> **HOW TO COMPLETE THIS TASK**: In the material below, find the line containing "This one was" and output it and all lines after it exactly, through the last one, without the pictures.
Start of MATERIAL SHOWN
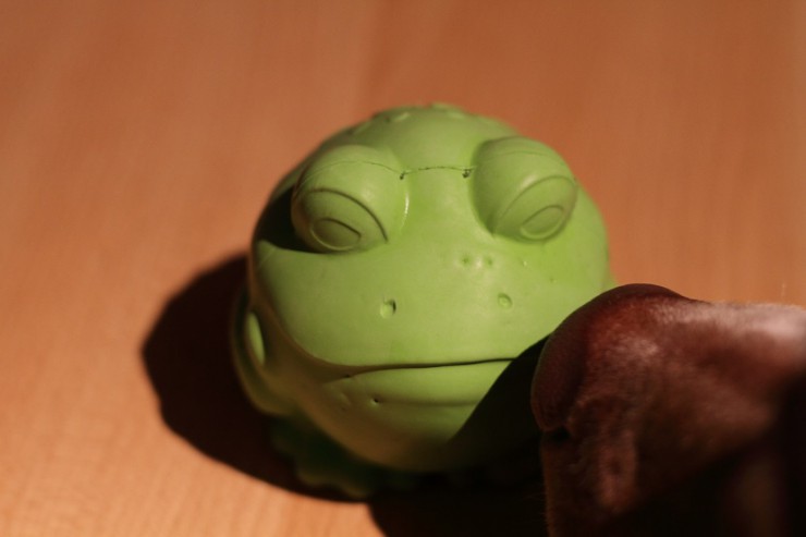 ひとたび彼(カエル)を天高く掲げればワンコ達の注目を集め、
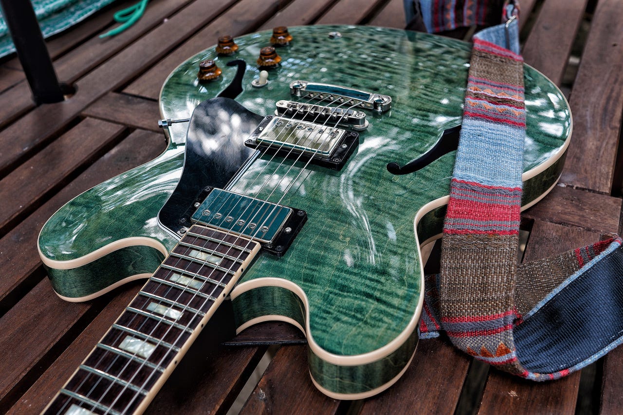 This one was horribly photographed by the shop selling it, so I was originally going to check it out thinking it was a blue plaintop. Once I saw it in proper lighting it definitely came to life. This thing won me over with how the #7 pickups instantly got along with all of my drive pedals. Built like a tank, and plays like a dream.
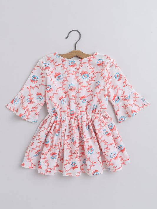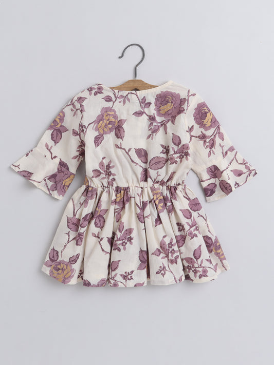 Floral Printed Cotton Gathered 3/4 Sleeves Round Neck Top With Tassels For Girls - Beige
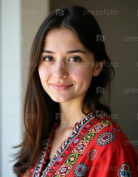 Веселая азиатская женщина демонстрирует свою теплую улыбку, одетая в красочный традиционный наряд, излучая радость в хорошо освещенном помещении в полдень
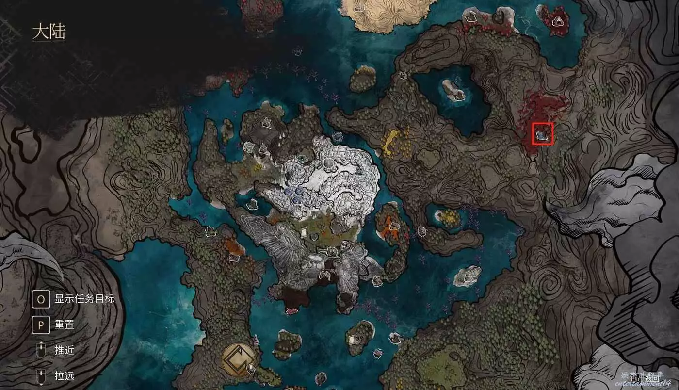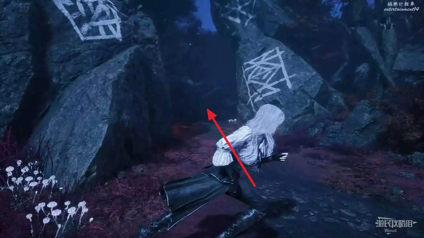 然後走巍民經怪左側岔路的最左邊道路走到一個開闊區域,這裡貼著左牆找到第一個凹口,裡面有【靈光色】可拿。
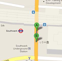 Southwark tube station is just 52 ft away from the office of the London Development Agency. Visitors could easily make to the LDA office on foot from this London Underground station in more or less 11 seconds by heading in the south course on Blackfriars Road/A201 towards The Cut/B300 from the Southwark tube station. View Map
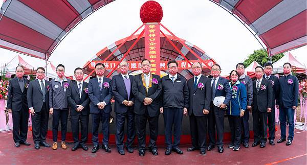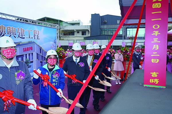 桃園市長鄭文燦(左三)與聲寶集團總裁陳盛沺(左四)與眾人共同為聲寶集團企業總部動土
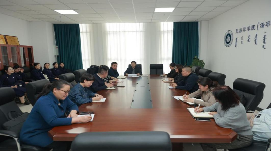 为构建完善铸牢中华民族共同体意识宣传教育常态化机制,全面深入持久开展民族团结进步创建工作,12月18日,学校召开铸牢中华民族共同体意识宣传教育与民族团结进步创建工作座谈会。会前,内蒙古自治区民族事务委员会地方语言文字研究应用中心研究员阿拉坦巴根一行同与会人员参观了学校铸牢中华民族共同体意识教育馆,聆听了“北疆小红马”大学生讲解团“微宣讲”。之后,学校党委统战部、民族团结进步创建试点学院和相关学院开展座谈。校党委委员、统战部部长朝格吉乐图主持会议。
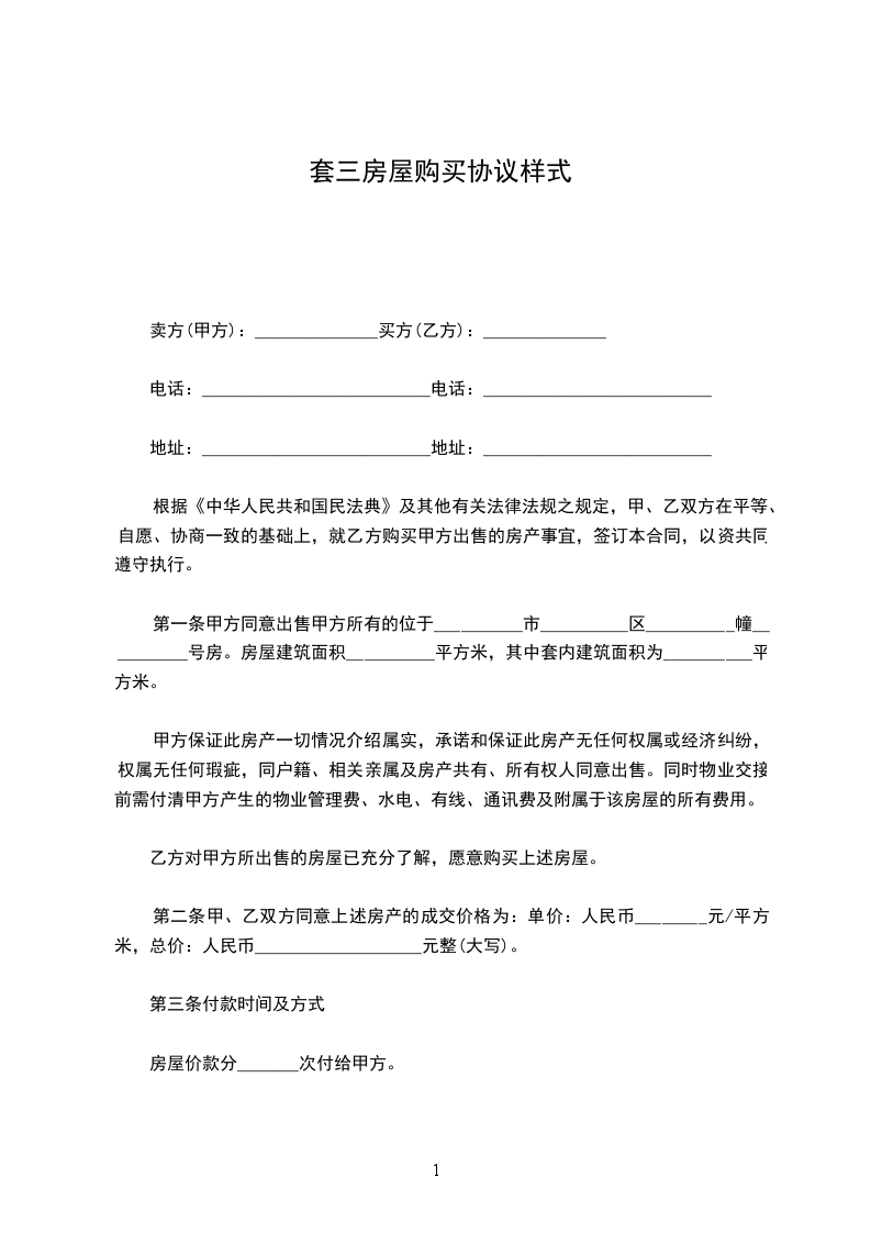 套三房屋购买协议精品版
End of MATERIAL SHOWN
> **WRITTEN ANSWER**:
 This one was horribly photographed by the shop selling it, so I was originally going to check it out thinking it was a blue plaintop. Once I saw it in proper lighting it definitely came to life. This thing won me over with how the #7 pickups instantly got along with all of my drive pedals. Built like a tank, and plays like a dream.
 Floral Printed Cotton Gathered 3/4 Sleeves Round Neck Top With Tassels For Girls - Beige
 Веселая азиатская женщина демонстрирует свою теплую улыбку, одетая в красочный традиционный наряд, излучая радость в хорошо освещенном помещении в полдень
 然後走巍民經怪左側岔路的最左邊道路走到一個開闊區域,這裡貼著左牆找到第一個凹口,裡面有【靈光色】可拿。
 Southwark tube station is just 52 ft away from the office of the London Development Agency. Visitors could easily make to the LDA office on foot from this London Underground station in more or less 11 seconds by heading in the south course on Blackfriars Road/A201 towards The Cut/B300 from the Southwark tube station. View Map
 桃園市長鄭文燦(左三)與聲寶集團總裁陳盛沺(左四)與眾人共同為聲寶集團企業總部動土
 为构建完善铸牢中华民族共同体意识宣传教育常态化机制,全面深入持久开展民族团结进步创建工作,12月18日,学校召开铸牢中华民族共同体意识宣传教育与民族团结进步创建工作座谈会。会前,内蒙古自治区民族事务委员会地方语言文字研究应用中心研究员阿拉坦巴根一行同与会人员参观了学校铸牢中华民族共同体意识教育馆,聆听了“北疆小红马”大学生讲解团“微宣讲”。之后,学校党委统战部、民族团结进步创建试点学院和相关学院开展座谈。校党委委员、统战部部长朝格吉乐图主持会议。
 套三房屋购买协议精品版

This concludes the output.